RMIT, being registered for GST will be entitled to an input tax credit in respect of an acquisition where:

  • it has a creditable purpose;
  • it was a taxable supply;
  • there is a tax invoice supporting the acquisition;
  • RMIT has provided or is required to provide consideration for the acquisition.

2. What is a creditable purpose?

A creditable purpose is similar to a business purpose. An acquisition has a creditable purpose where it is used in the carrying on of an enterprise. An acquisition does not have a creditable purpose to the extent that it is used in making input taxed supplies or is used for private or domestic purposes. Where an acquisition has only a partly creditable purpose, an input tax credit will only be allowable for the creditable portion.

The diagram below summarises the general concepts of acquisitions and input tax credits.

DIAGRAM – acquisitions and input tax credits

Imports

1. Introduction

GST is payable on most goods imported into Australia. This is because the benefits arising from the imports would be enjoyed or consumed in Australia. GST is not payable on the imports of supplies that are not goods.

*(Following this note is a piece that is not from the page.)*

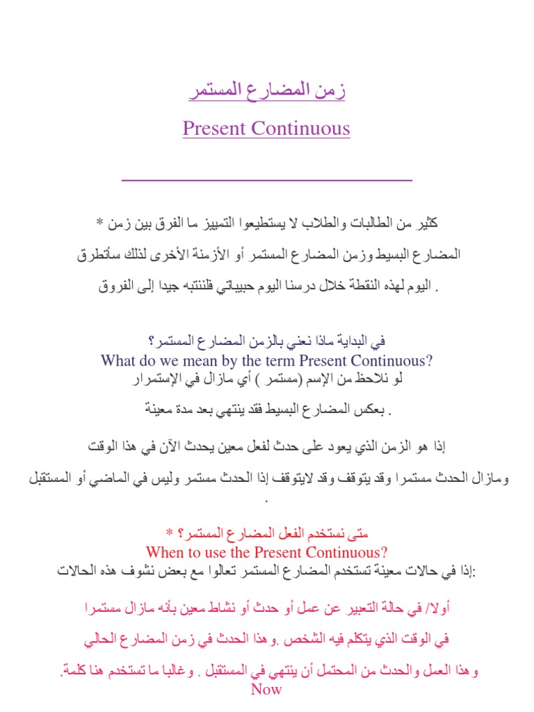 زمن المضارع المستمر Pdf

2. How will GST be paid on imports

The Australian Customs and Border Protection Service (ACBPS) collect GST on any taxable importations at a rate of 10 % of the value of the taxable importation.

A taxable importation is the sum of:

  • The customs value of the goods;
  • Any customs duty payable;
  • The amount payable to transport the goods to the port or airport of final destination in Australia; and
  • The insurance cost for that transport.

3. Claiming Input tax credits on imports

RMIT University has been issued an “owner code” by Customs upon the first taxable importation post the commencement of GST, 1 July 2000. The code is quoted each time an import enters Australia. Customs require a Customs Entry Form completed with owner code, and the ABN to be specified. The information is entered to Customs systems, which has been linked to the Australian Tax Office (ATO).

The entry of RMIT University’s ABN triggers a response and transfer of GST information from Customs to the ATO of the total value of GST on the current month’s imports. This value of GST paid on the current month’s imports is advised on the current electronic BAS provided to RMIT University for completion and lodgement to the ATO by the 21st day of the next month.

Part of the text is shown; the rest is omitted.